Matching Anonymized and Obfuscated Time Series to Users' Profiles

Many popular applications use traces of user data to offer various services to their users, example applications include driver-assistance systems and smart home services. However, revealing user information to such applications puts users' privacy at stake, as adversaries can infer sensitive private information about the users such as their behaviors, interests, and locations. Recent research shows that adversaries can compromise users' privacy when they use such applications even when the traces of users' information are protected by mechanisms like anonymization and obfuscation. In this work, we derive the theoretical bounds on the privacy of users of these applications when standard protection mechanisms are deployed.
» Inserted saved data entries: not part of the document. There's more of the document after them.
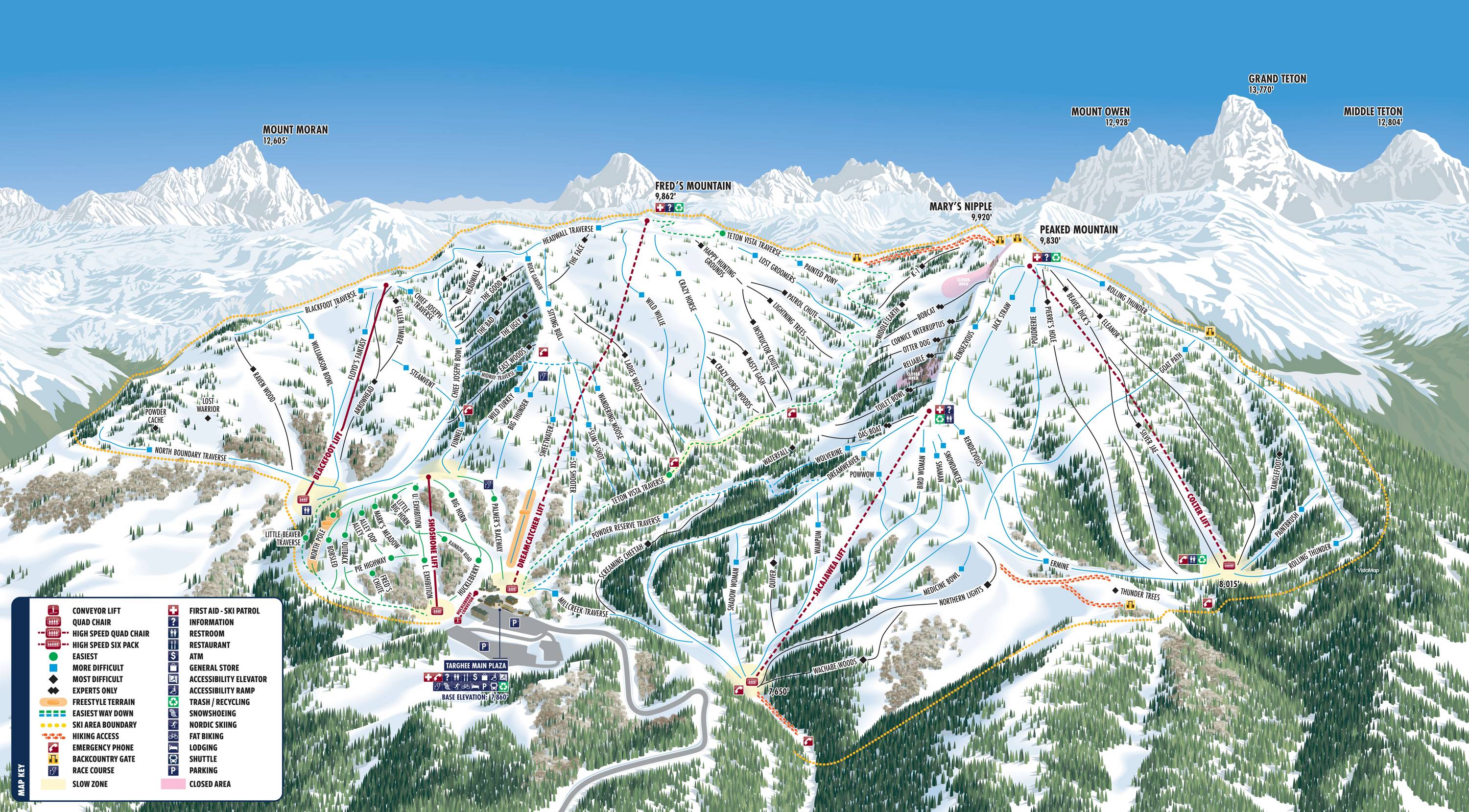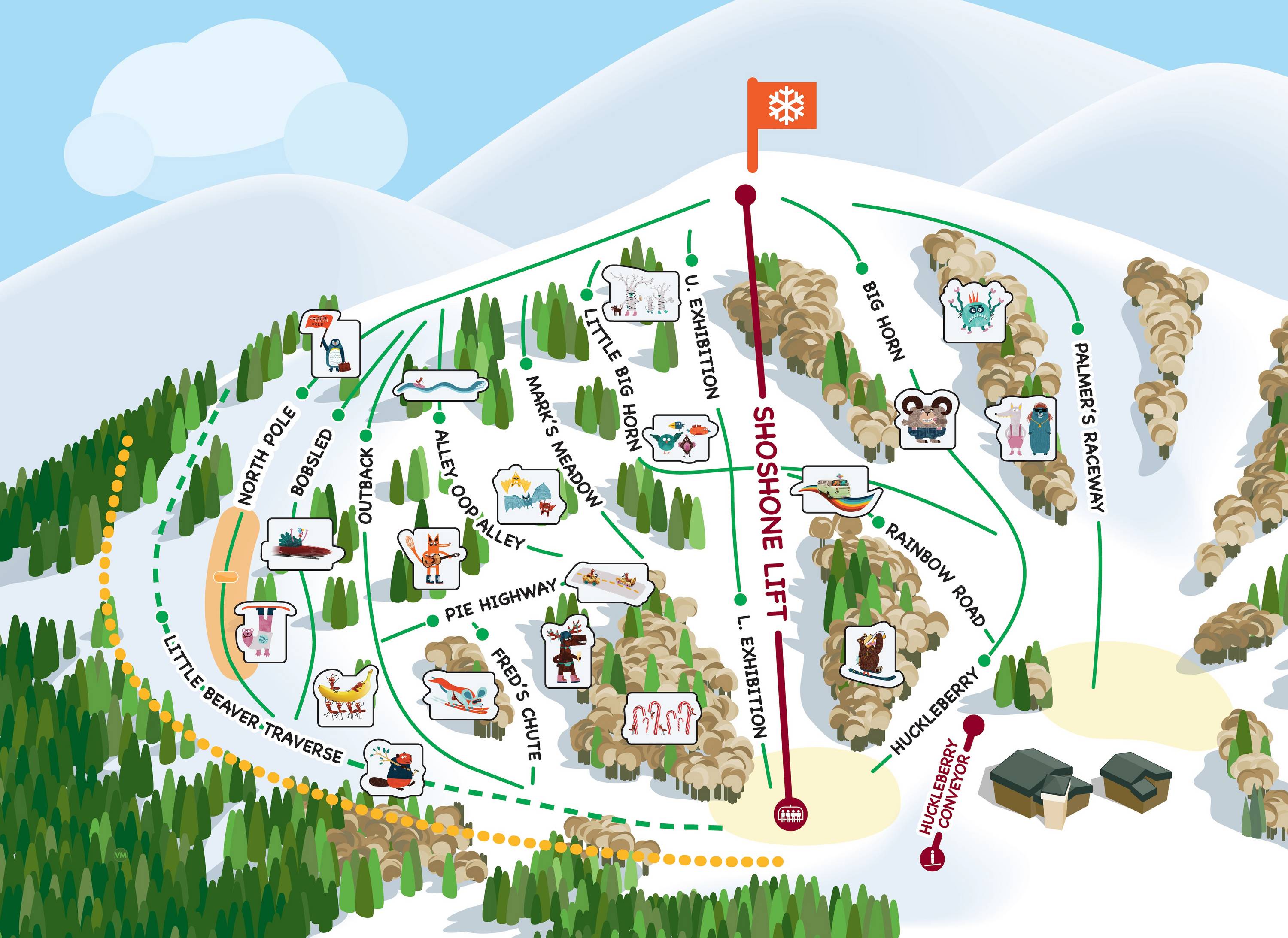 Het pisteplan geeft het hele skigebied Grand Targhee zeer goed weer. Alle liften en pistes zijn met detailinformatie aangegeven. Je vindt hoogtegegevens, activiteiten, restaurants, parkeerplaatsen en alle belangrijke informatie. Daarnaast is er een apart pisteplan genaamd Gheeville voor families en beginners.
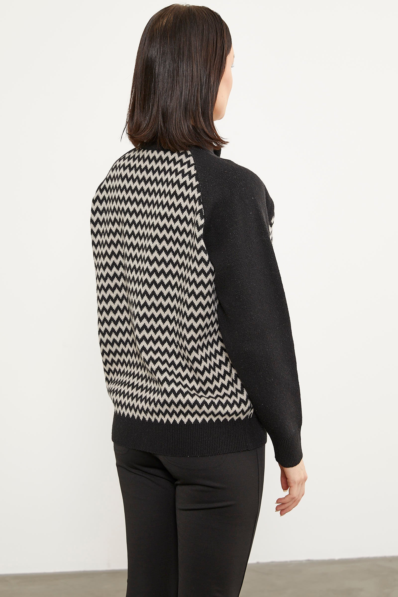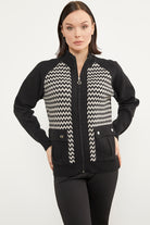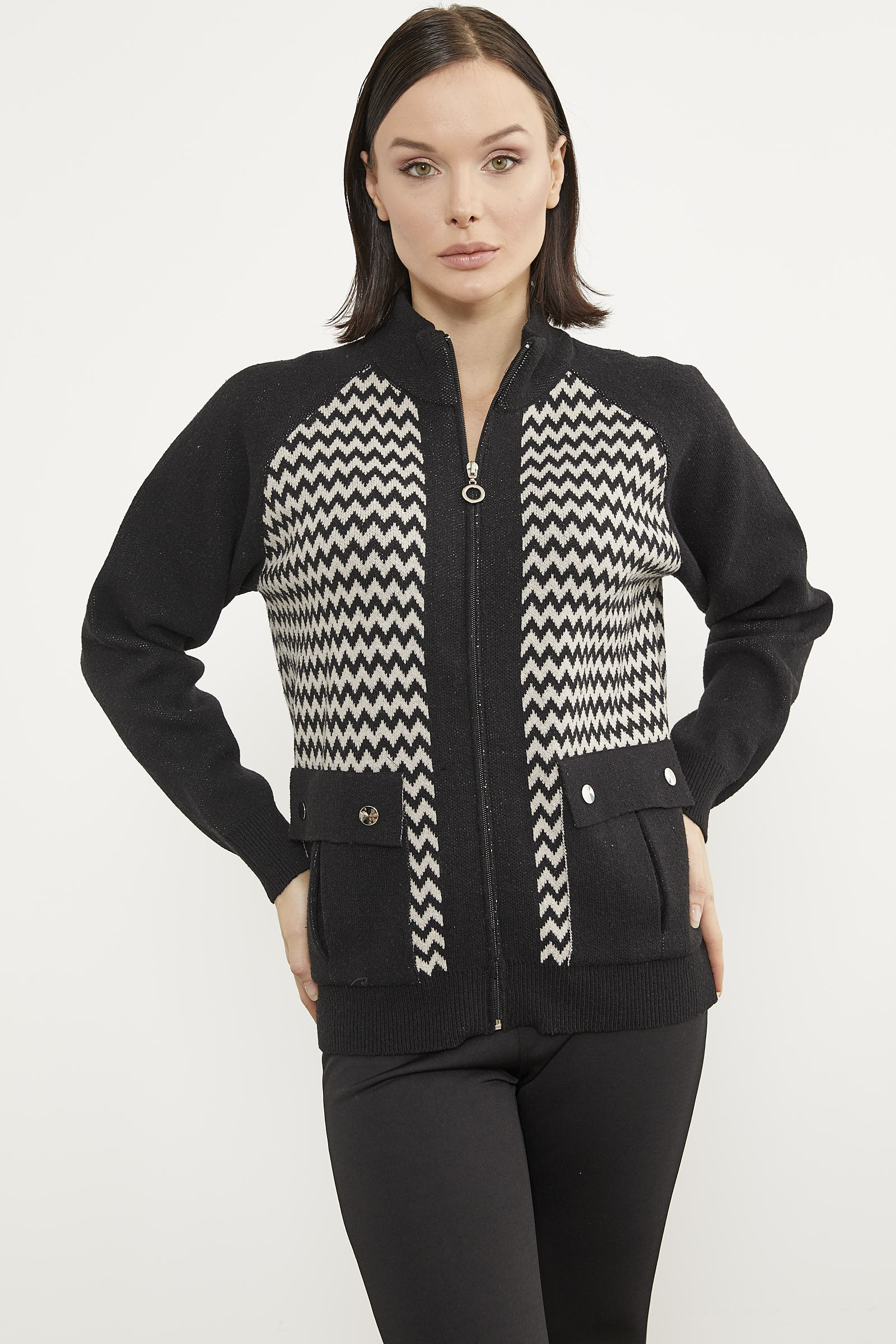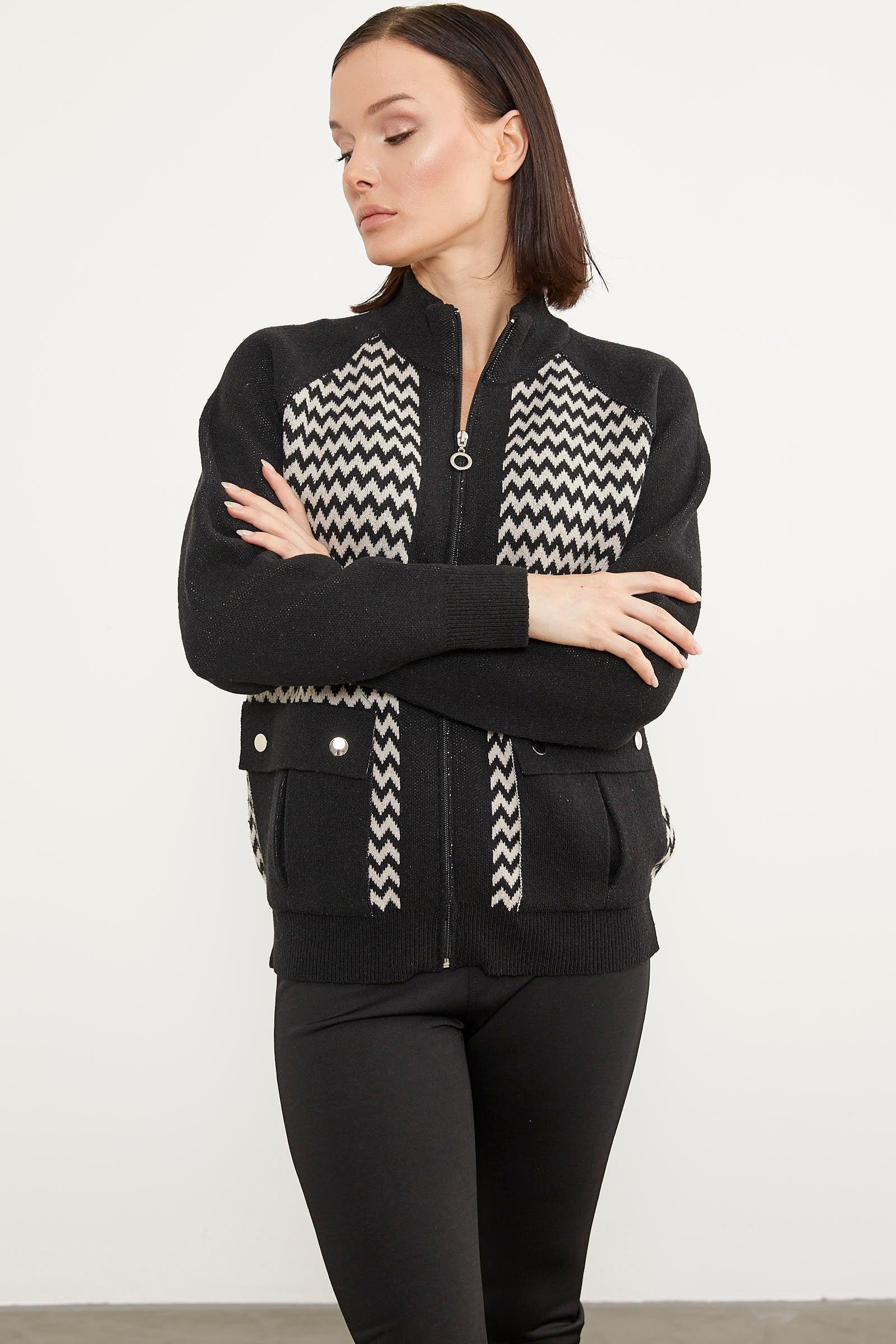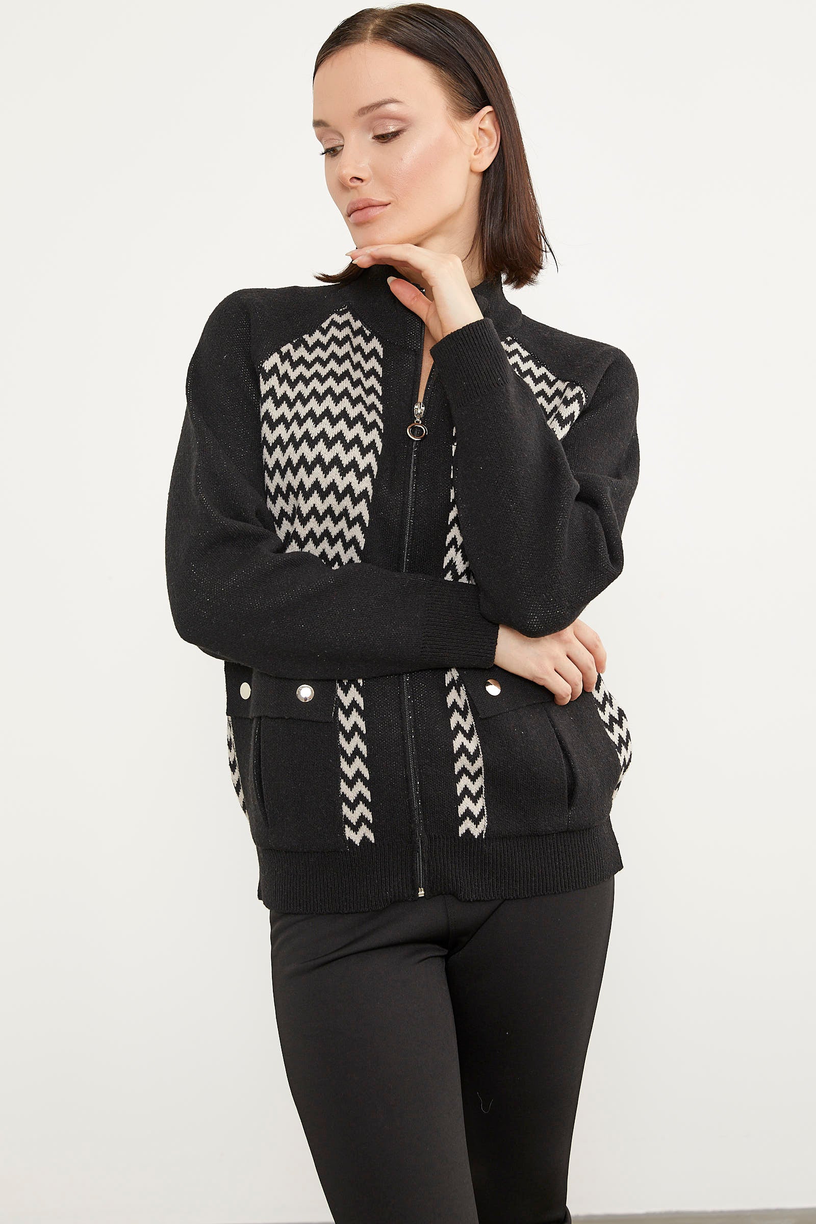Zik Zak Desenli Çift Renk Triko Ceket - Siyah
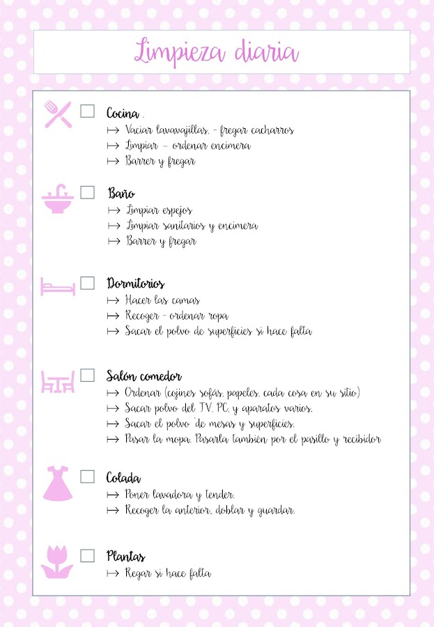 Imprimible Limpieza diaria ROSA - Dale CLIC y guarda en tu PC
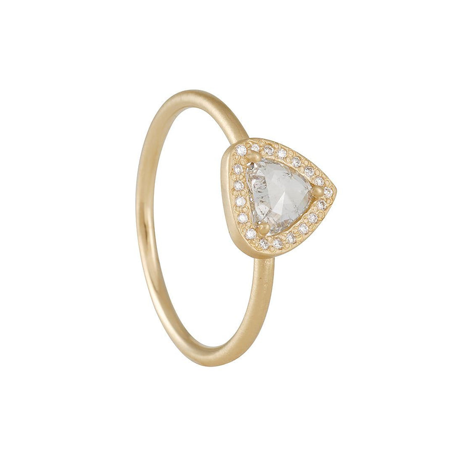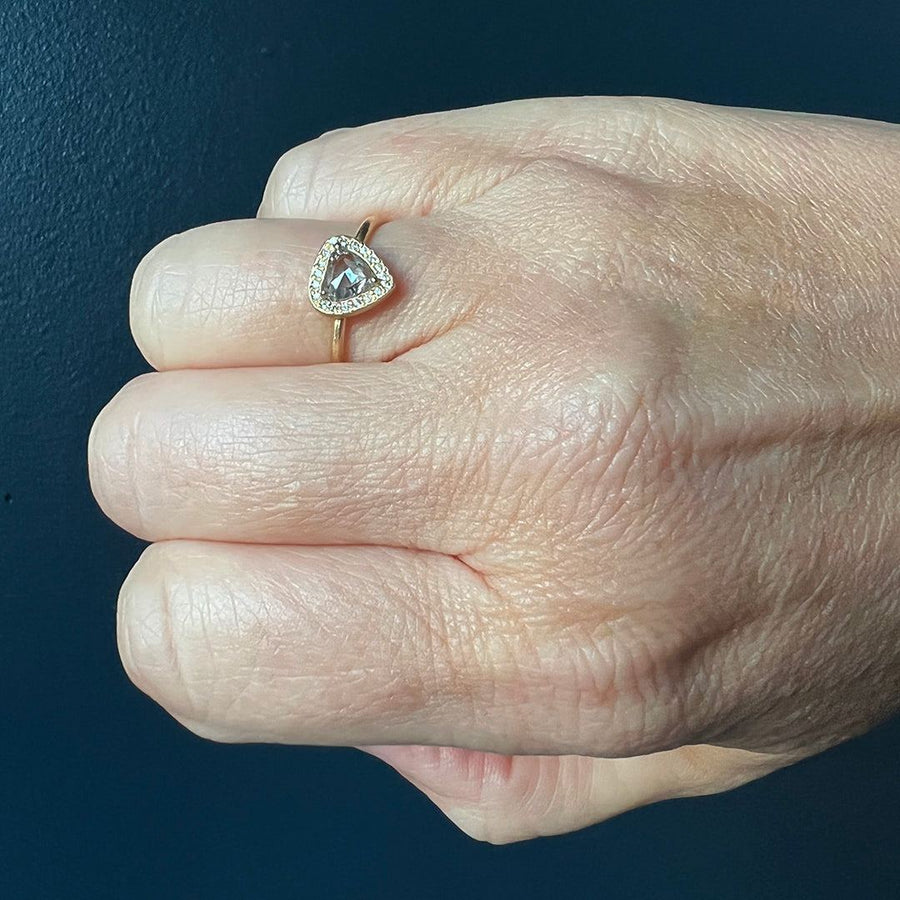 This ethereal, one of a kind ring features a trillion shaped white rose cut diamond in a sparkly diamond halo setting. great for stacking! Handmade in San Francisco, CA.
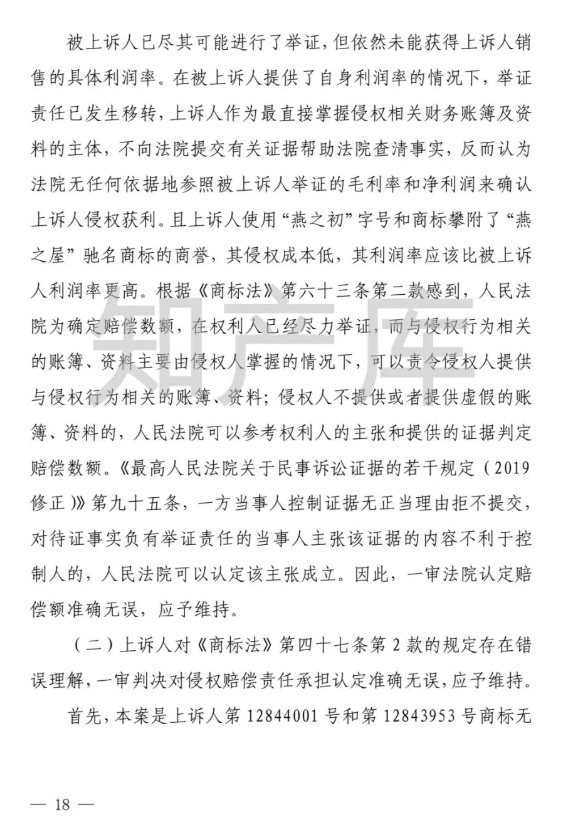 燕之屋诉燕之初判赔1000万|判决书 淘标网
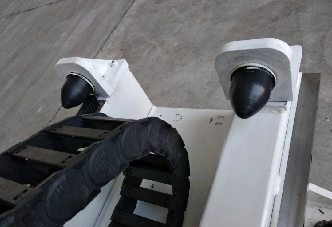 软件限位;行程开关限位;第七轴两端安装有防撞装置;轨道基础防护:风琴罩防护,钣金半封闭、全封闭防护:加强型拖链,保护机器人、控制柜等的连接线缆。
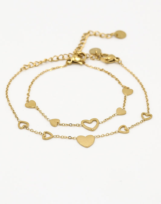 Armbanden vriendschapset hartjes goudkleurig
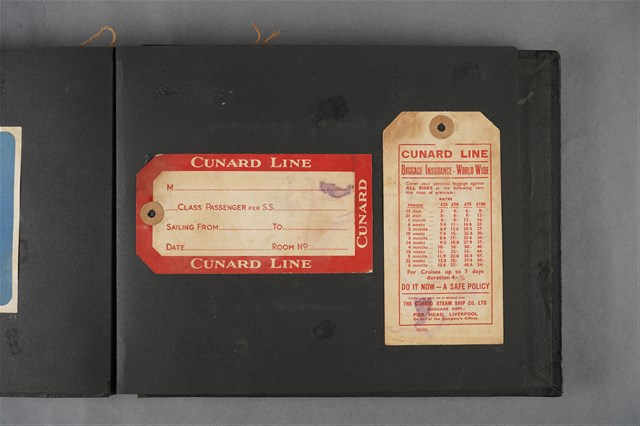 本文物為1930年代物品,為卡納德郵輪的行李吊牌。吊牌以紅色為邊框,並印有「CUNARD LINE」、「……CLASS PASSENGER……」、「SAILING FROM……」等字,吊牌右上方處可見紫色墨水印。
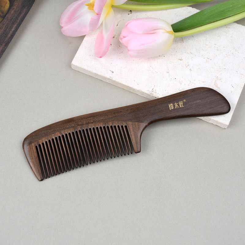 非遗常州梳篦邢粮木艺荷花绵羊角经络木梳子女士养发木匠宽齿头部
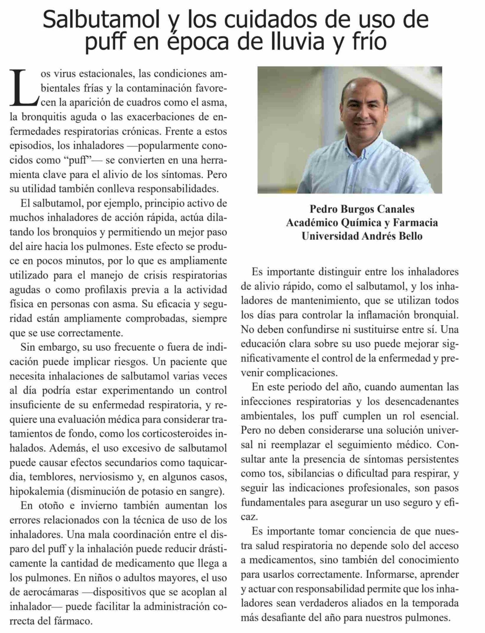 Salbutamol y los cuidados de uso de puff en época de lluvia y frio

We build on our recent study in the area of location privacy, in which we introduced formal notions of location privacy for anonymization-based location privacy-protection mechanisms. More specifically, we derive the fundamental limits of user privacy when both anonymization and obfuscation-based protection mechanisms are applied to users' time series of data. We investigate the impact of such mechanisms on the tradeoff between privacy protection and user utility. In particular, we study achievability results for the case where the time-series of users are governed by an i.i.d. process. The converse results are proved both for the i.i.d. case as well as the more general Markov Chain model. We demonstrate that as the number of users in the network grows, the obfuscation-anonymization plane can be divided into two regions: in the first region, all users have perfect privacy, and, in the second region, no user has privacy.